↓↓↓

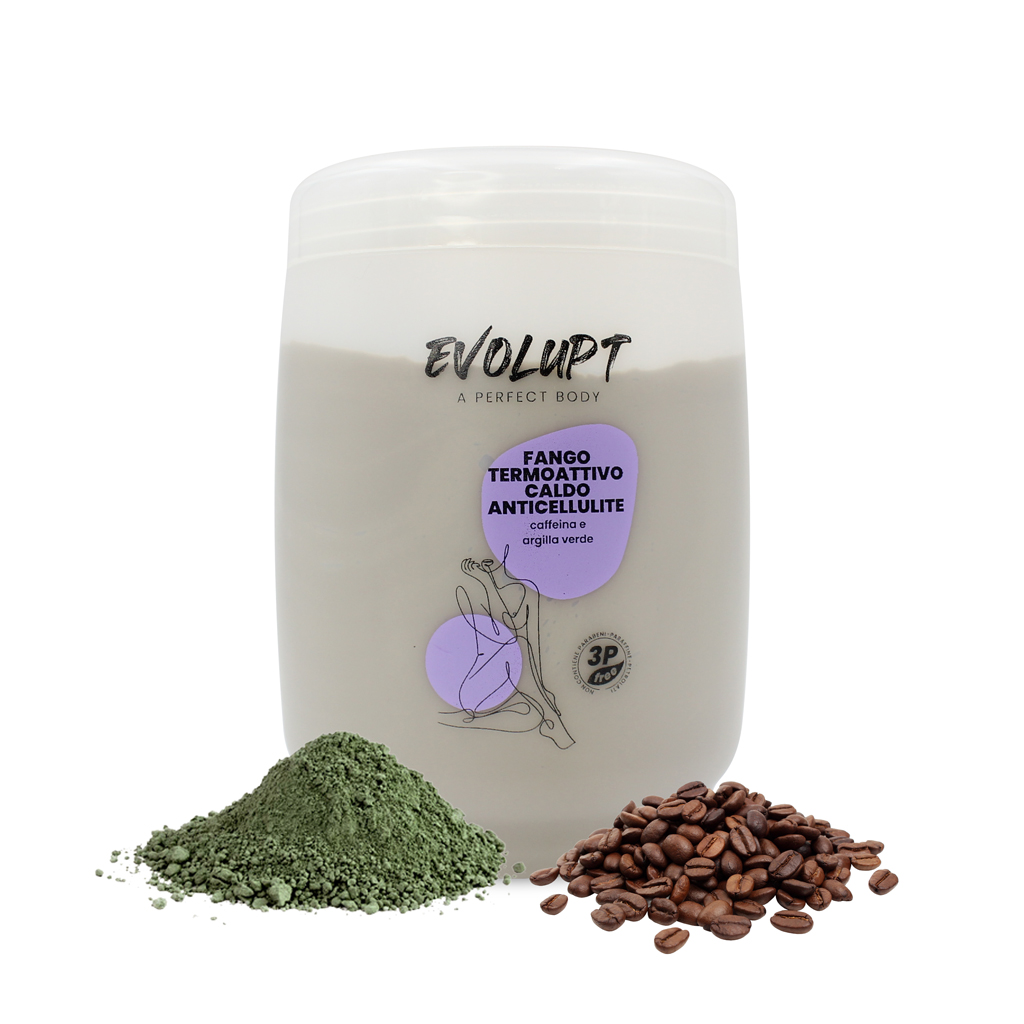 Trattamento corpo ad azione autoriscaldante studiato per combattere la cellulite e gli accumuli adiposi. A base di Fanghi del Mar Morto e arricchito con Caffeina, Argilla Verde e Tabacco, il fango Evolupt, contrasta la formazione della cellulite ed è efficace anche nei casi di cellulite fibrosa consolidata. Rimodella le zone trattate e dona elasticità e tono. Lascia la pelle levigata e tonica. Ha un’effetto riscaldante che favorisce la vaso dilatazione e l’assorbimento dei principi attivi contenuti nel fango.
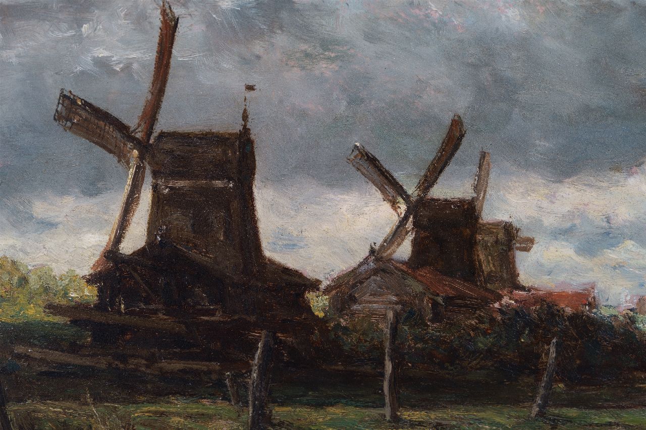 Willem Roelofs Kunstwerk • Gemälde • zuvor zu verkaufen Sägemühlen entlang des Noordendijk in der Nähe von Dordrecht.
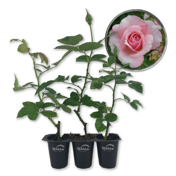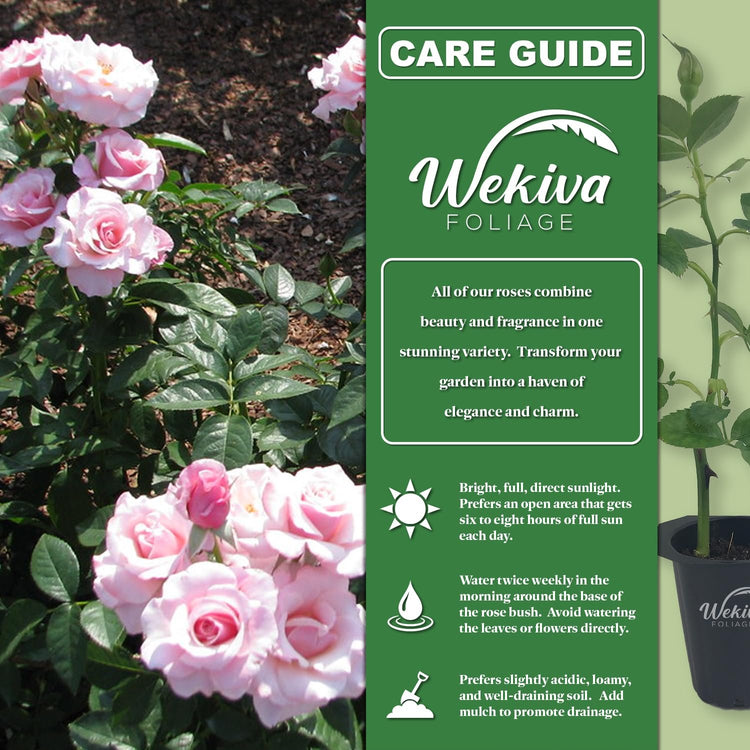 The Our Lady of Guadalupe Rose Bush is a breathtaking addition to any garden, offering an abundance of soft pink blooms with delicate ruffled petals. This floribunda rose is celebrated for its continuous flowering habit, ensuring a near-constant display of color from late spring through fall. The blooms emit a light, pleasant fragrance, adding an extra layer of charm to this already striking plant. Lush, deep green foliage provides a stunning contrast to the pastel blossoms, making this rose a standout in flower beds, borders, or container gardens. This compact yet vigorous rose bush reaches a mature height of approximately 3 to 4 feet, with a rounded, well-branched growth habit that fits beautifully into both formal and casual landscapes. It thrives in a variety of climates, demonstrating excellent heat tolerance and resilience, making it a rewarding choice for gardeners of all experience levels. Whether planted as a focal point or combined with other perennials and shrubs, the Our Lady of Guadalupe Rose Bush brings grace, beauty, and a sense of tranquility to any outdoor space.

↑↑↑

* **What you have to do**: Write out each line of the listing above, exactly, from its first line to the line holding "Willem Roelofs Kunstwerk", inclusive. Skip the pictures.

* **Result**:
 Trattamento corpo ad azione autoriscaldante studiato per combattere la cellulite e gli accumuli adiposi. A base di Fanghi del Mar Morto e arricchito con Caffeina, Argilla Verde e Tabacco, il fango Evolupt, contrasta la formazione della cellulite ed è efficace anche nei casi di cellulite fibrosa consolidata. Rimodella le zone trattate e dona elasticità e tono. Lascia la pelle levigata e tonica. Ha un’effetto riscaldante che favorisce la vaso dilatazione e l’assorbimento dei principi attivi contenuti nel fango.
 Willem Roelofs Kunstwerk • Gemälde • zuvor zu verkaufen Sägemühlen entlang des Noordendijk in der Nähe von Dordrecht.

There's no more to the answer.